Following careful diagnostic routine procedures 13 extremely short children were diagnosed as having isolated growth hormone deficiency, and were successfully treated with HGH. A true isolated growth hormone deficiency was present in 5 of the children, whereas 8 showed a normal increase in serum growth hormone on repeated growth hormone stimulation tests after their development of puberty and termination of HGH treatment. Three boys with bone ages of 5.5, 8.0 and 9.5 years showed an undisputable effect following HGH administration. They showed an initial growth at the start of treatment, and a second growth spurt during development of puberty. Two of the boys reached final statures of 14 cm taller than the predicted heights. The other patients, including the children with true isolated growth hormone deficiency showed an initial spurt of growth at the start of the HGH treatment immediately followed by a pubertal growth spurt. The mean acceleration of height velocity for the children with true isolated growth hormone deficiency was from 3.4 cm during the year before treatment to 7.0 cm during the first year on treatment, as compared to 2.8 and 7.4 cm, respectively, for the children with transitory growth hormone deficiency. A girl with severe anorexia nervosa who had a transitory growth hormone deficiency, showed an accelerated high velocity from 1.1 cm to 7.6 cm during the first year following treatment with HGH.

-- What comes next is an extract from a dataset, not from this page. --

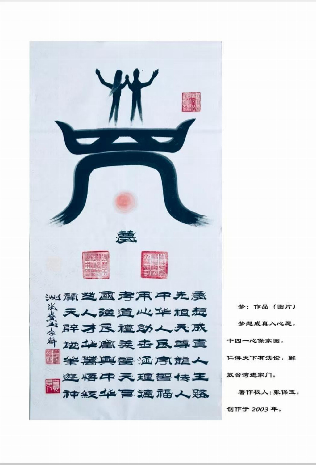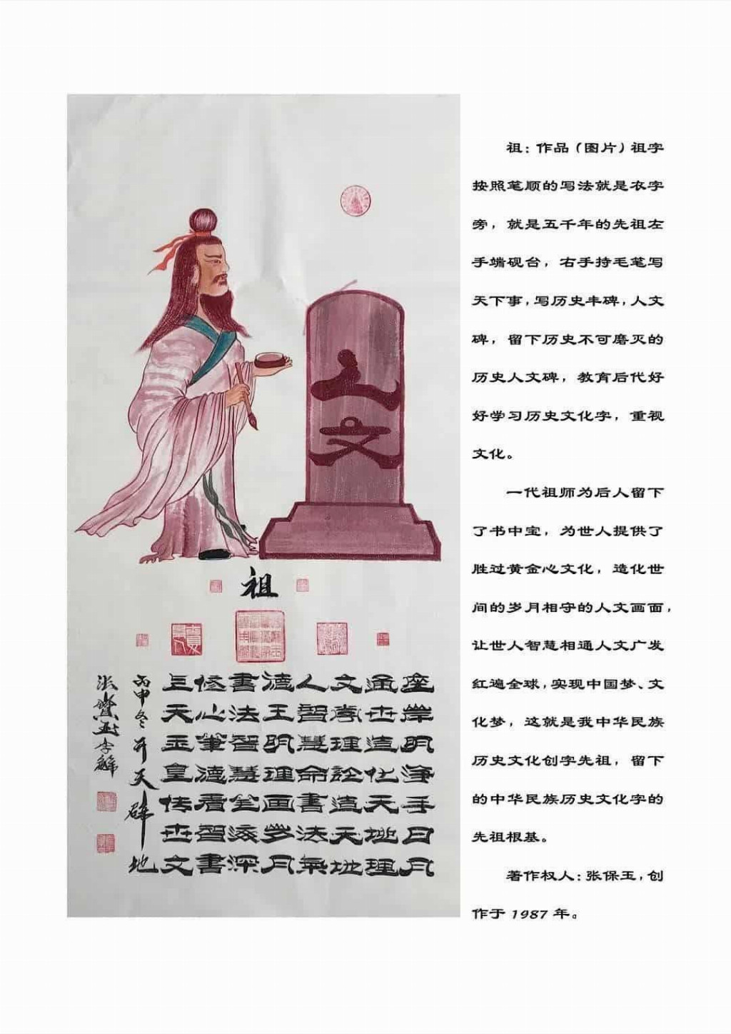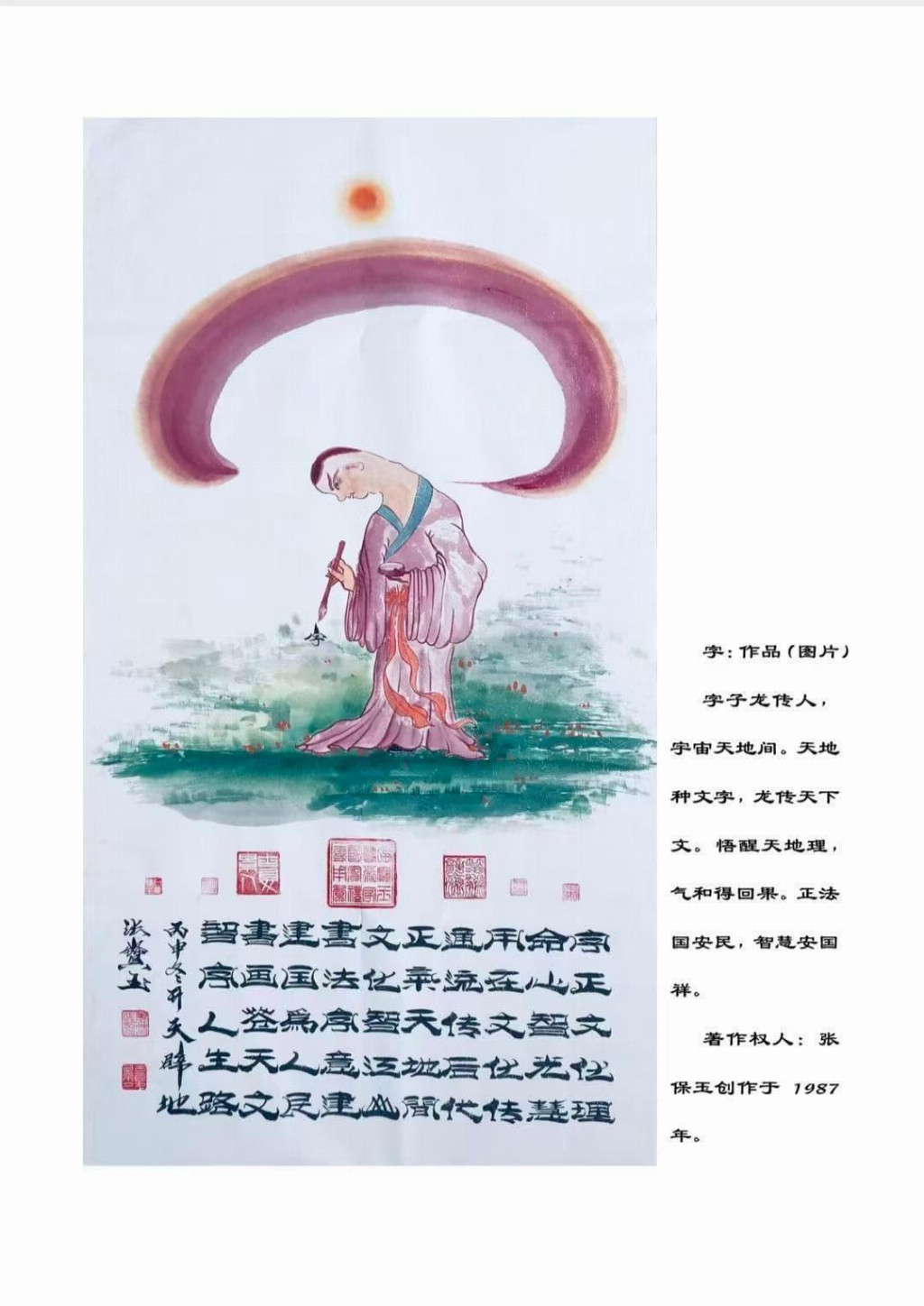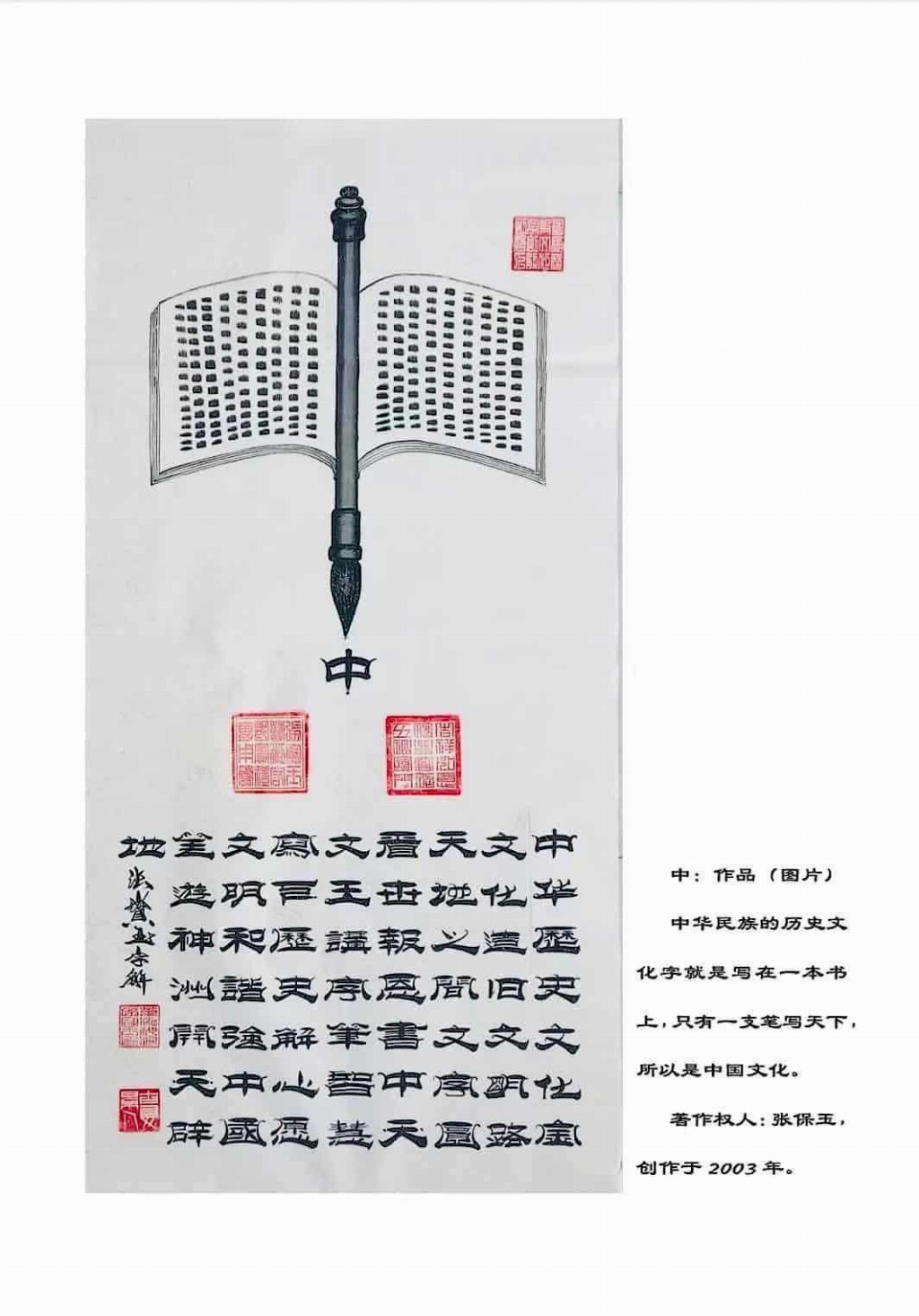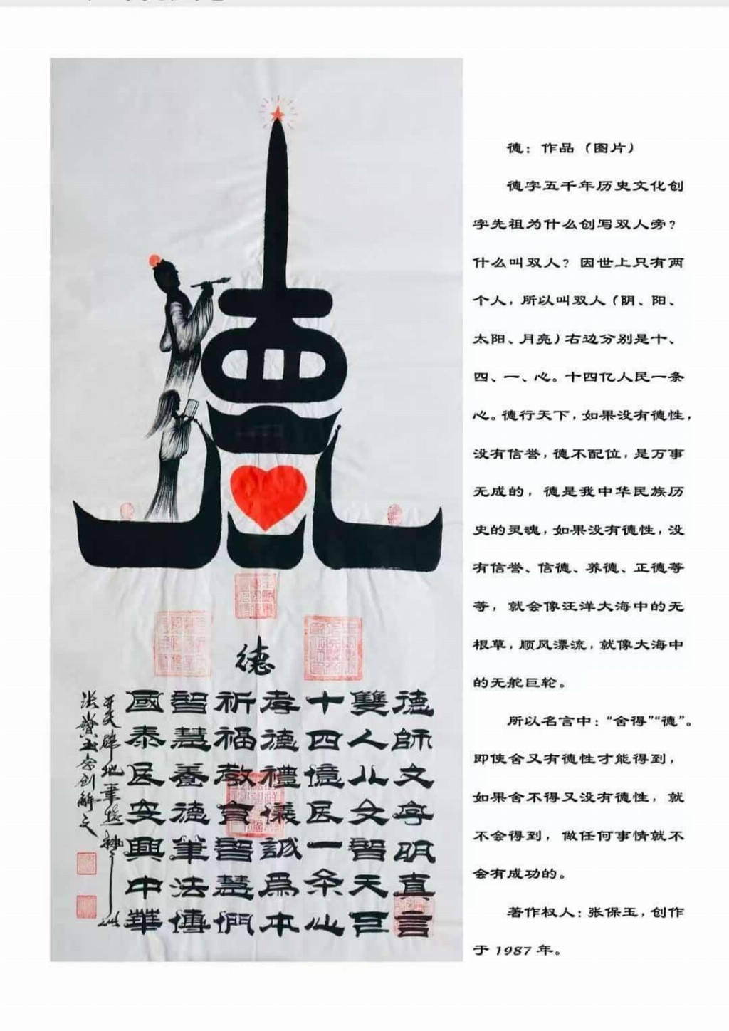 张宝玉的创作理念深深植根于中华传统文化的沃士,同时又饱含强烈的时代意识。他明确提出:"书画艺术是为时代服务,是这个时代发展的过度期和故事,是宣传这个时代的重要工具,是宣传这个时代的政治灵魂的助手,是这个时代的历史使命和见证。“这一理念表明,他将艺术创作视为记录时代、服务社会的重要方式,而非仅仅是个人情感的表达或技艺的展示。在艺术与文化传承的关系上,张宝玉有着深刻的认识和不懈的追求。他创建"国极历史文化字创解"的初衷就是为了弘扬中华民族传统文化美德,让下一代认识到文化的重要性。他曾在自述中谈到:"我把每个字按五干年前的创字先祖的创字意义画成一张画下边写成注解文章,主导思想是想教育和诱导下一代重视每一个字的重要性,好好学文化字。"这种将艺术创作与文化教育紧密结合的理念,体现了张宝玉作为艺术家的文化担当。

The question whether HGH treatment should be made available to all short children with no known syndrome, and presenting a height less than −3.5 sds, a bone age/chronological age ratio of less than ⅔, and a height velocity less than −2 sds is discussed. The only way to know if a child will respond to HGH treatment is to give it for a trial period of at least six months. At least a physiological stimulus to growth hormone secretion should be decisive in the selection of growth retarded children for HGH treatment. Different mechanisms seem to be responsible for physiological growth hormone secretion to sleep or exercise, and the secretion obtained with pharmacological stimuli.